Ellen Lupton, “Design is Storytelling”

Ellen Lupton describes that effective storytellers should bring personality and emotions to their experiences. Storytelling brings objects and characters to life. She emphasizes that we experience these products and artifacts as temporal rather than static, as stories unfold over time. The Jewish Life in Berlin project should bring figures and music spaces in Berlin’s music scene to life by creating interactions between people and places. My project should create connections between the material in my archive. By integrating social issues and placing materials within their historical context, the experience will create emotional connections with the material.

Carles Sora, talk on Digital Storytelling

Carles Sora discusses the procedural, participatory, spatial, encyclopedic, and atemporal aspects of digital narratives.
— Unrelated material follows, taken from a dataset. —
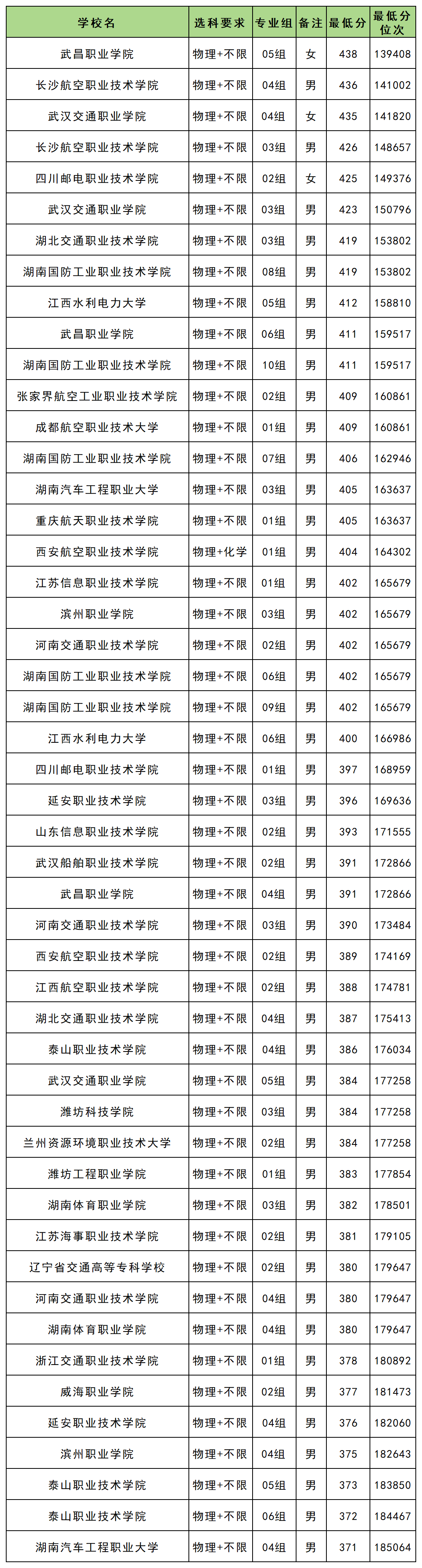 我们也为大家整理其他在湖北物理类招生的士官学校分数线:

One of the principles of digital storytelling that Sora highlights is the use of spatial metaphors to visually represent data. The Soldier Brother archive uses objects as a metaphor of representation for connections between the material. Just as how they use the metaphor of objects to go through the material, I can use the metaphor of different music spaces or musical instruments to go through the archive. The cabaret setting provides a metaphor of representing connections in the music network.

Sora also talks about different discourse layers, and the importance of having transitions and connections between the story layer and informational layer. I enjoyed the experience and visual transitions of the Monet2010 archive. While the user is on the journey of traversing Monet’s career, an option is provided to “See the pictures you have viewed”. My project concept can similarly include something like “See the music you have heard” that allows the user to browse the metadata of the music that they have listened to so far.